The latest national wildfire outlook backs up earlier projections that July and August 2025 will see the NWT’s fire danger shift to a new level.
So far, the territory has had a quieter fire season than many other parts of Canada.
In July and August, forecasts suggest that will change and “above-normal” fire risk will surge north, covering most of the NWT below Great Bear Lake.

The NWT’s wildfire agency was already expecting this kind of pattern. The updated forecast comes from the June 13 North American Seasonal Fire Assessment and Outlook, issued by scientists in Canada, the United States and Mexico.
The outlook states that snowmelt occurred “well ahead of normal” in the NWT this year while drought conditions have expanded. The worst of the drought is in extreme northeastern BC, such as the area around Fort Nelson, though much of the NWT also remains drier than it should be.
June’s fire risk is expected to remain near normal in the territory, but July is set to bring a “significant pattern departure from the late June weather,” pushing warm and dry conditions over a much larger portion of the country and elevating fire danger across nearly all of western Canada.
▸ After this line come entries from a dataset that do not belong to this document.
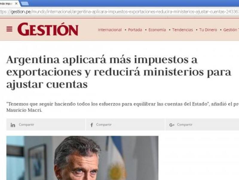 El periódico peruano Gestión dio cuenta de que "Argentina aplicará más impuestos a las importaciones y reducirá ministerios para ajustar cuentas".
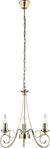 lampada a sospensione in ottone antico, escl. 3 x E14 40 W
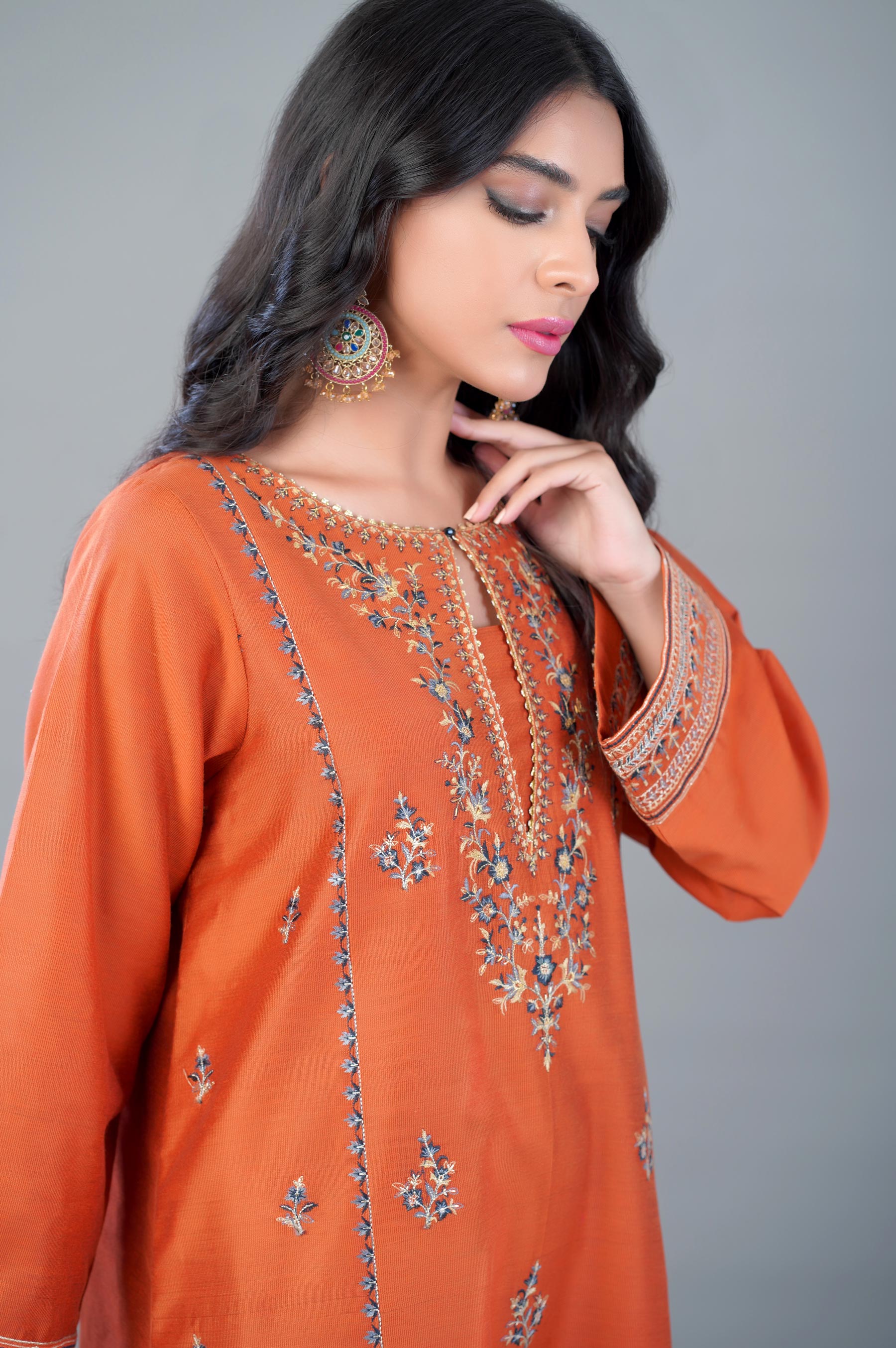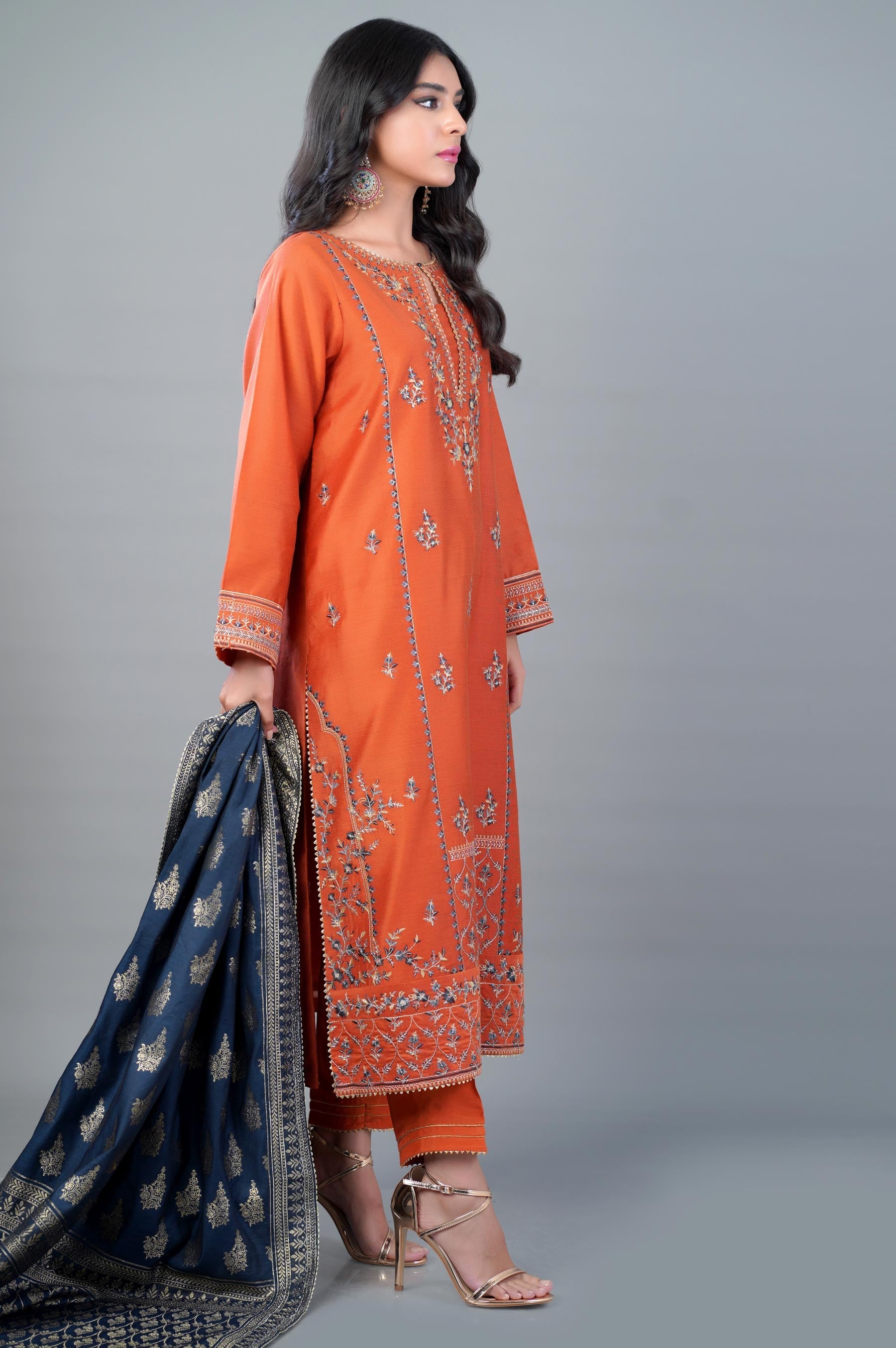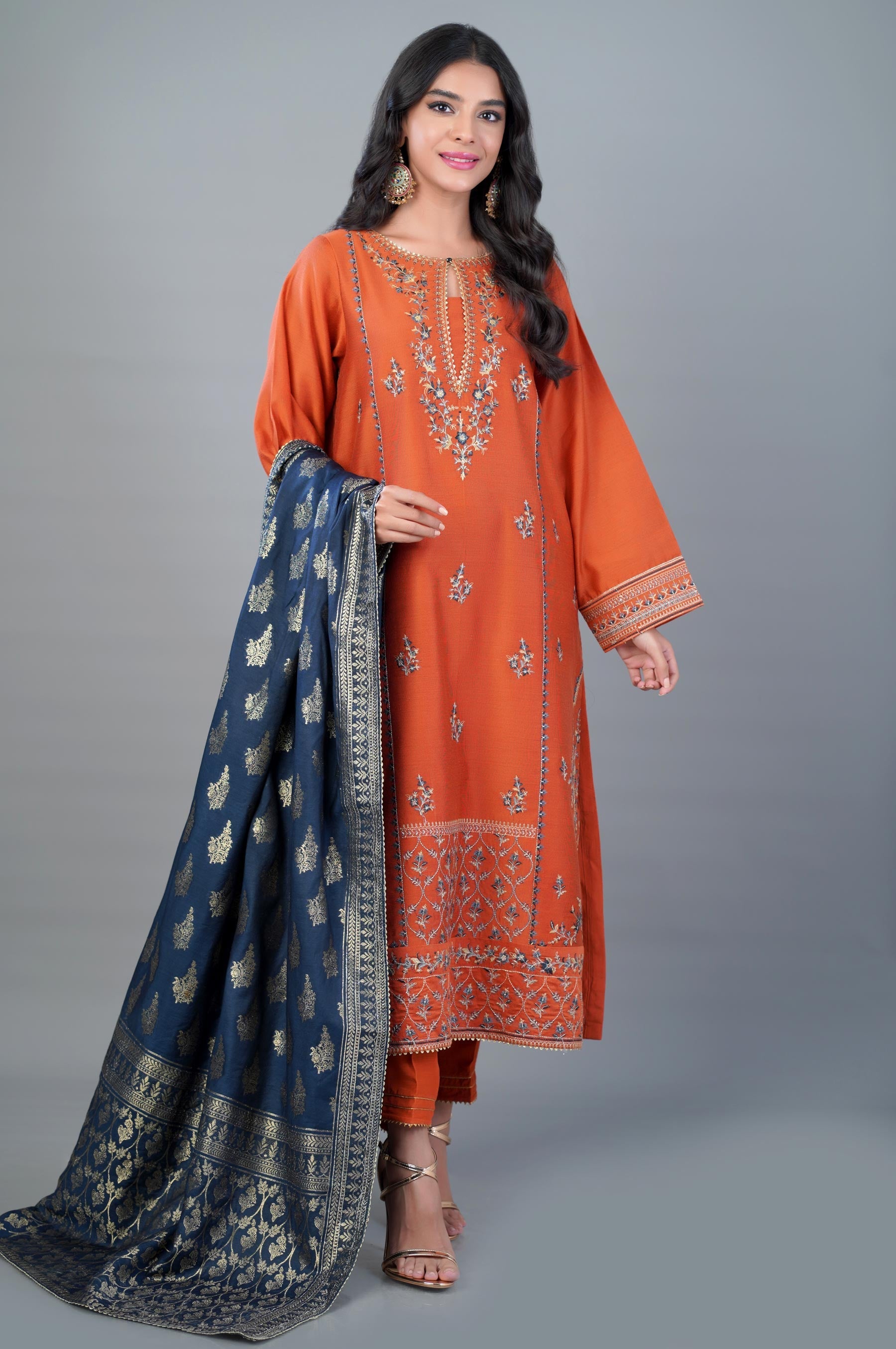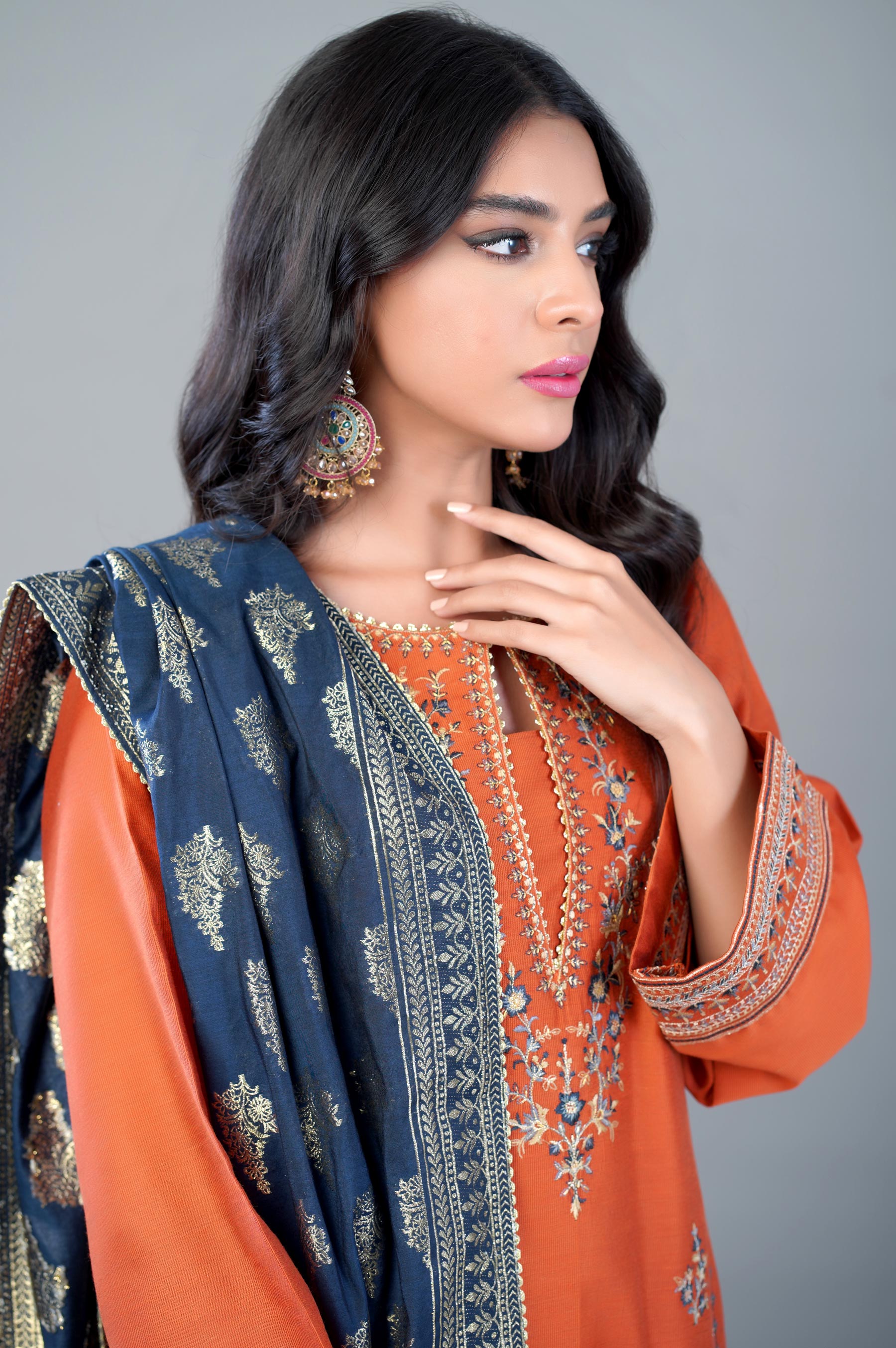 This unstitched three piece cotton net ensemble is rendered in an eye catching combination of orange and blue. Composed of floral embroidery in contrasting colors and zari, this outfit is a perfect pick for formal events. it has a beautiful blue banarsi jacquard dupatta and matching raw silk pants.
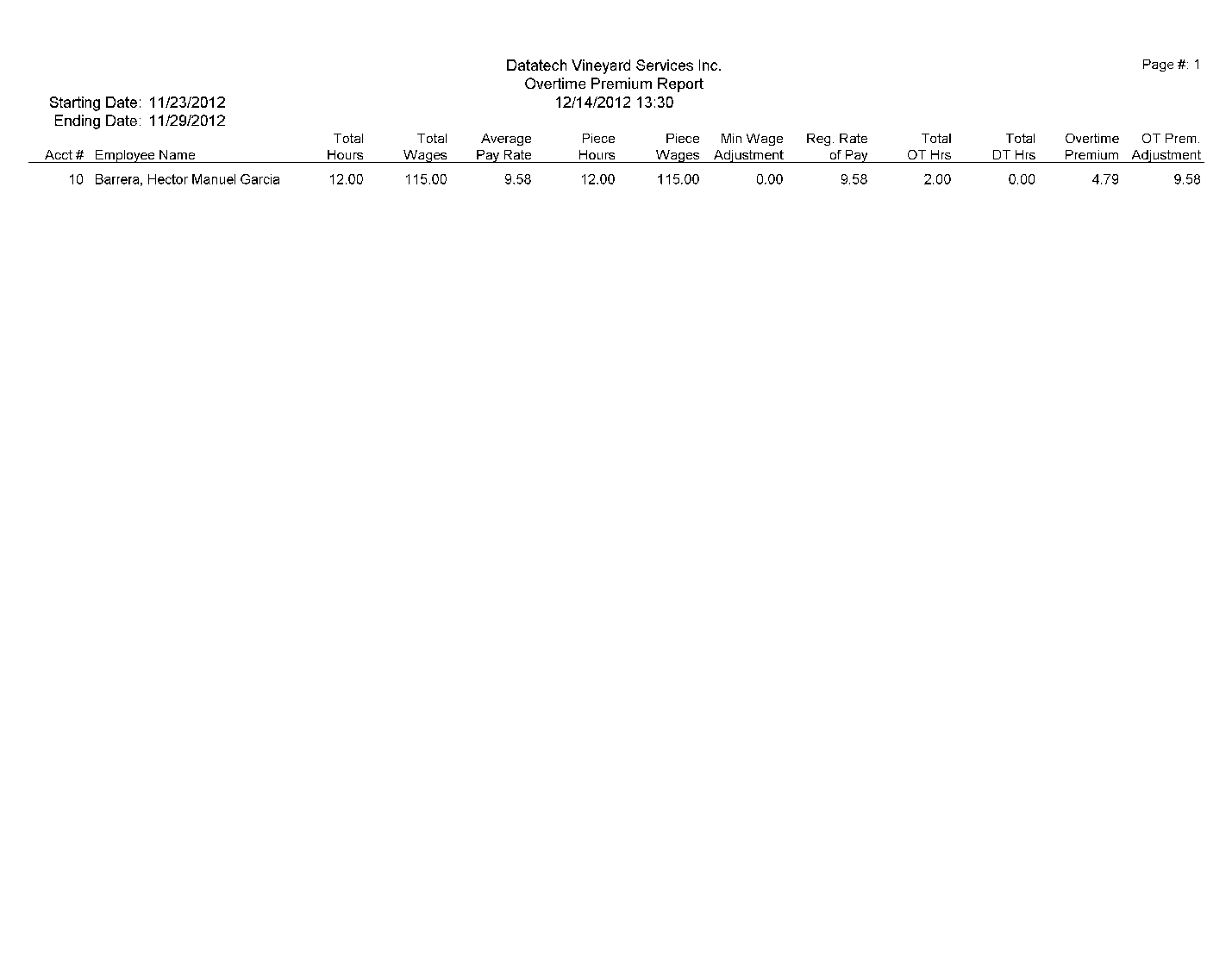 In total, the employee shown above worked 12 hours in one day for two different Growers, Crop ID’s and Job ID’s, with different piece rates and effective hourly rates on each line. There is a 10 hour limit before paying overtime for field labor, so when the Overtime Premium Report is run, it shows two hours of overtime should be paid to the employee:
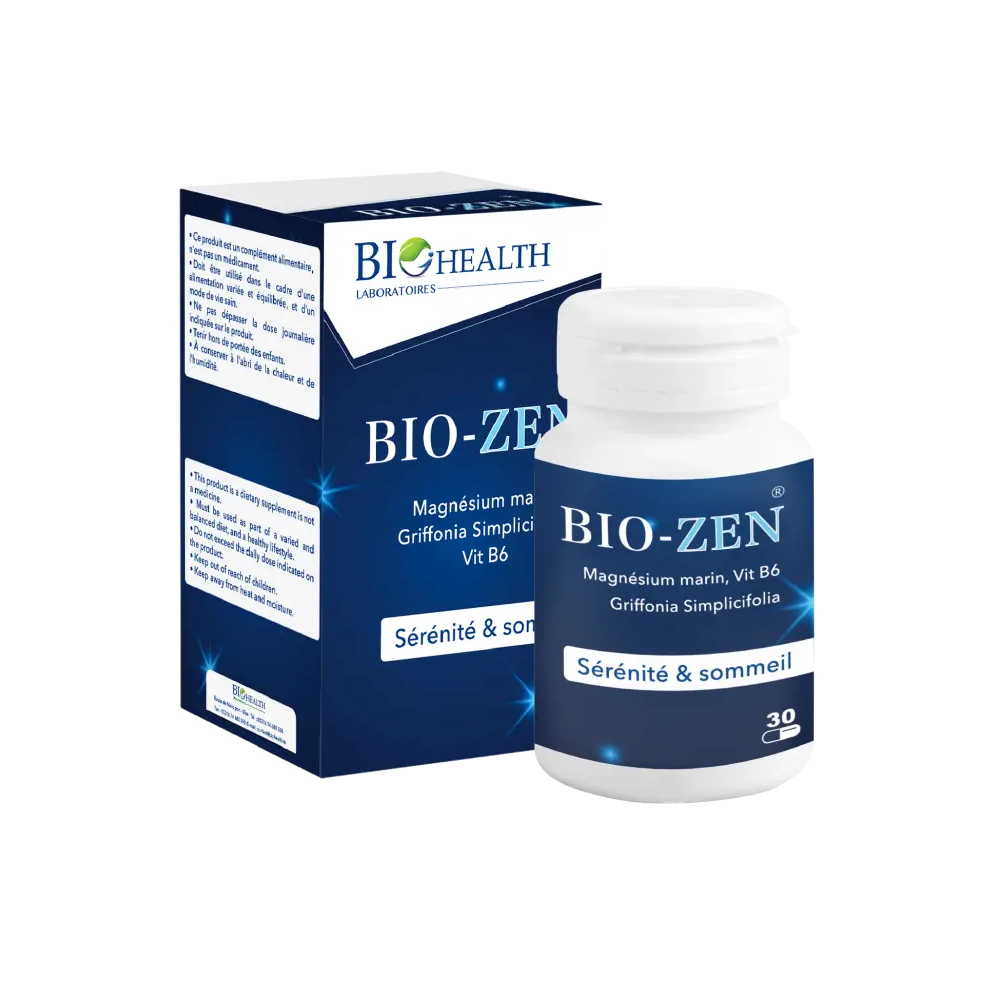 Les gélules Bio-Zen Sommeil de Biohealth sont un complément alimentaire formulé pour favoriser l'endormissement et améliorer la qualité du sommeil. Ce produit est une synergie d'extraits de plantes traditionnellement reconnues pour leurs propriétés relaxantes et sédatives. L'ingrédient phare est la mélatonine, souvent appelée l'hormone du sommeil, qui aide à réguler le cycle veille-sommeil et à réduire le temps d'endormissement. La formule est enrichie en valériane, une plante connue pour ses vertus apaisantes qui aide à diminuer la nervosité et l'anxiété, favorisant ainsi un sommeil plus paisible. Le complément contient également de la camomille, qui contribue à la relaxation, et de la vitamine B6, qui participe au bon fonctionnement du système nerveux. Bio-Zen Sommeil est la solution idéale pour les personnes ayant des difficultés à s'endormir, souffrant de réveils nocturnes ou cherchant à retrouver un sommeil réparateur.
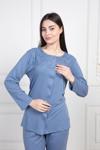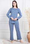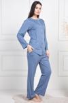 Aradığınız konfor ve şıklığı bir arada sunan Mecit 6105 İndigo Kadın Büyük Beden Boydan Düğmeli Pijama Takımı, yumuşak melisa kumaş yapısıyla sizlere rahatlık sunar. %75 pamuk ve %25 viskon karışımdan üretilen bu pijama takımı, nefes alabilen ve hafif yapısıyla konforlu kullanım sağlar.
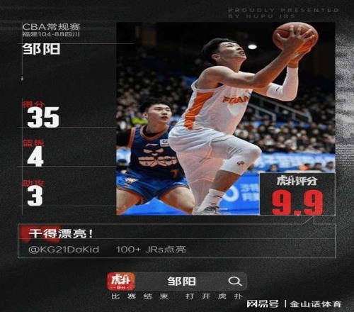 看看鄒陽的表現(xiàn),本場比賽,鄒陽首發(fā)出戰(zhàn)33分鐘,17投13中,三分球9投7中,砍下35分3籃板4助攻,場上正負(fù)值為+22。

“The warm, dry trend in July continues for August,” the outlook states, and will bring a “significant fire risk” in the southern half of the NWT.
According to the outlook, factors like Pacific Ocean sea surface temperatures and “large scale, longer-term soil moisture deficits” are driving some of the conditions that result in high fire risk.
July and August were also the worst months in the NWT’s 2023 fire season, though that season started with major fires and evacuations in May, events the territory has so far avoided in 2025.
Fort Smith was briefly placed on evacuation alert in May this year when a human-caused fire emerged just east of the town. Later that month, there was some confusion over the evacuation status of Sambaa K’e with a wildfire burning nearby. That fire did not ultimately act in a manner that threatened the Dehcho community, which is already surrounded by large amounts of burn area from 2023.
According to NWT Fire’s website, around 44,000 hectares of the territory have burned so far this year. That’s about a tenth of the area that had burned by this time in 2023, though it’s still many times the area burned in other, quieter years like 2022 and 2021.
This year has been far more active in southern Canada. BC, Alberta and Manitoba all report more than 600,000 hectares burned so far, while Saskatchewan is at about 1.3 million hectares burned.